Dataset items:
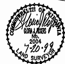
EXHIBIT "A" PHASE 42 FAIRWAYS VILLAS AT GREENSPRINGS, A CONDOMINIUM FOR GREENSPRINGS DEVELOPMENT, L.C. BERKELEY DISTRICT JAMES CITY COUNTY, VIRGINIA
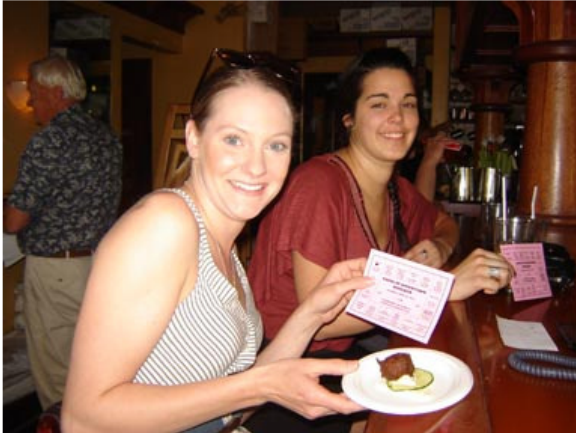
Falafels at Boulder Café

On a beautiful spring day, this year's Taste of Downtown Boulder ticket-holders enjoyed tasty food samples offered by 14 Pearl Street Mall area restaurants, including Boulder Café, Chipolte Mexican Grill, Hapa Sushi, Khow Thai Café, Linsay's Boulder Deli, Nick N Wily's Pizza, Old Chicago, Rib, Rio Grande, Rocky Mountain Chocolate, Smooch Frozen Yogurt, Spruce Confections, Woody Creek Bakery, and Zoe Ma Ma. Proceeds from Taste ticket sales will go towards funding Foothills Kiwanis Foundation projects for this current club year. Thanks to Pete Sprenkle for again serving as project leader for our Taste of Downtown Boulder fundraiser!
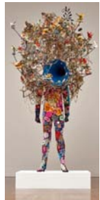
Nick Cave's Sound Suit.
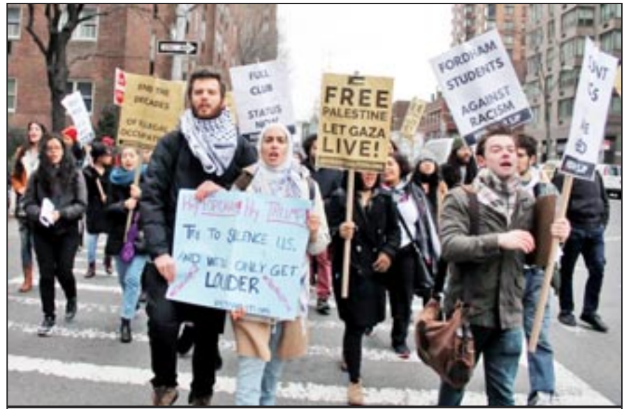
New York, 2017—Fordham University students protest banning of Students for Justice in Palestine.

Well-intentioned demands for the university
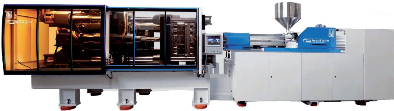
BMB's eKW Hybrid Injection Molding Machine – clamping axis on the left of picture

This positive collaborative engagement also enabled Moog significantly to improve on the delivery time offered by its competitors, thereby helping to resolve BMB's supply problems. The project as a whole clearly demonstrated how effective collaboration and continuous product improvement delivers manufacturing success.
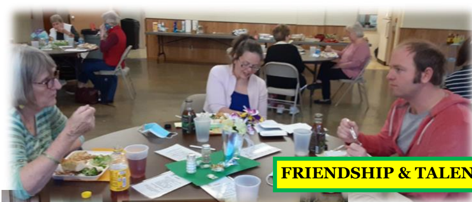
FRIENDSHIP & TALENT LUNCHEON
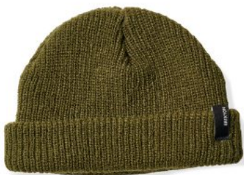
*MILITARY OLIVE 11207-MILOL
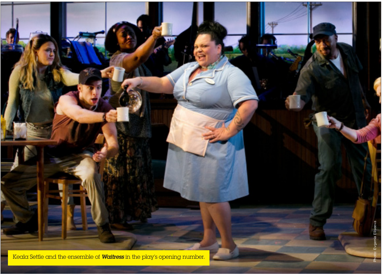
Keala Settle and the ensemble of Waitress in the play's opening number.
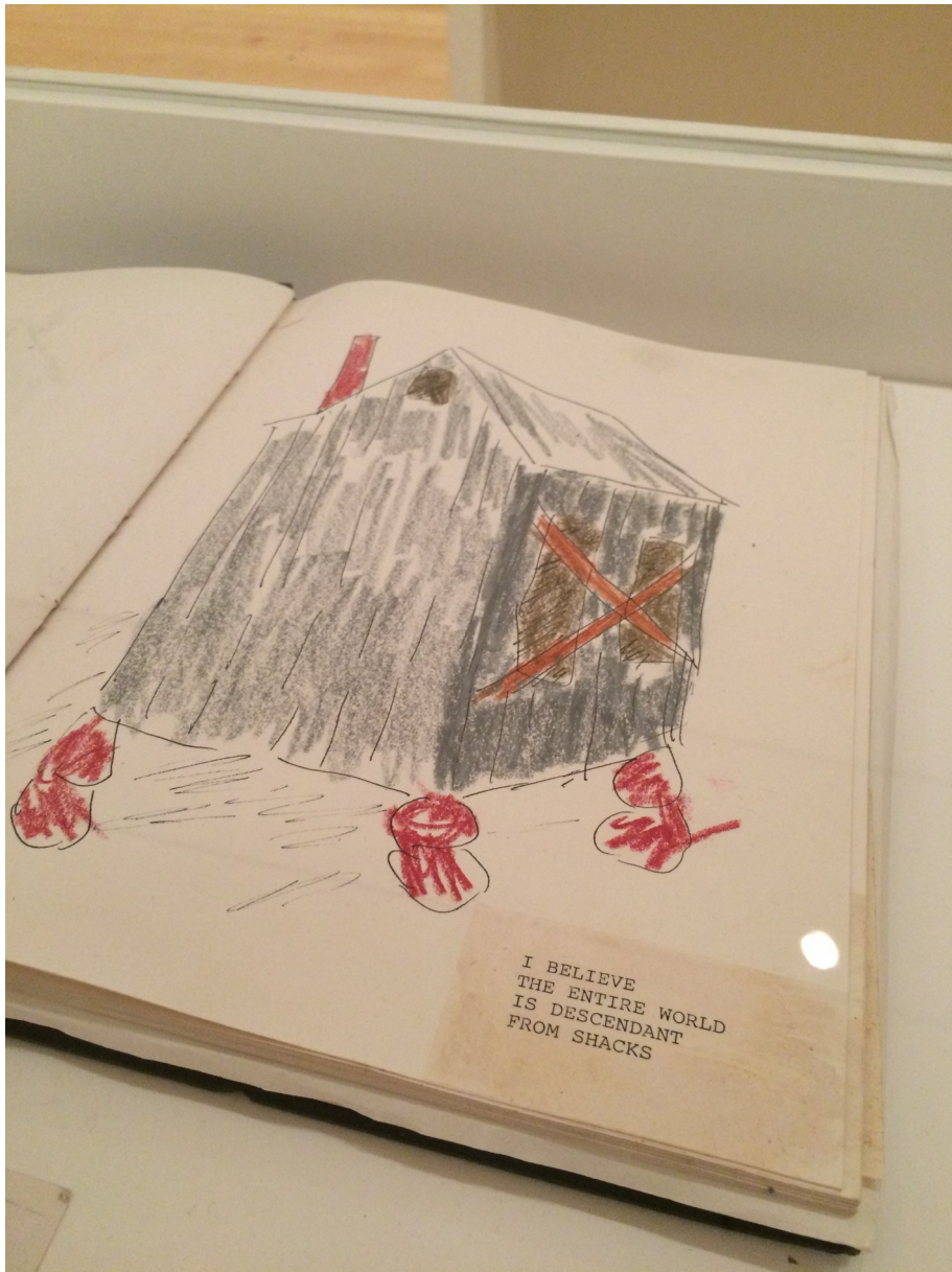
Figure 1. Beverly Buchanan notebook image. From " Beverly Buchanan - Ruins and Rituals. " By Czacki, 10/21/2016-03/05/2017.

structure. What is reclaimed in the ashes of something that should never have existed, that existed at the expense of the multiple for the benefit of the singular.

- Your objective: Whenever the string "Café" shows up in a line of the records, copy that line.

- Your response:
Falafels at Boulder Café
On a beautiful spring day, this year's Taste of Downtown Boulder ticket-holders enjoyed tasty food samples offered by 14 Pearl Street Mall area restaurants, including Boulder Café, Chipolte Mexican Grill, Hapa Sushi, Khow Thai Café, Linsay's Boulder Deli, Nick N Wily's Pizza, Old Chicago, Rib, Rio Grande, Rocky Mountain Chocolate, Smooch Frozen Yogurt, Spruce Confections, Woody Creek Bakery, and Zoe Ma Ma. Proceeds from Taste ticket sales will go towards funding Foothills Kiwanis Foundation projects for this current club year. Thanks to Pete Sprenkle for again serving as project leader for our Taste of Downtown Boulder fundraiser!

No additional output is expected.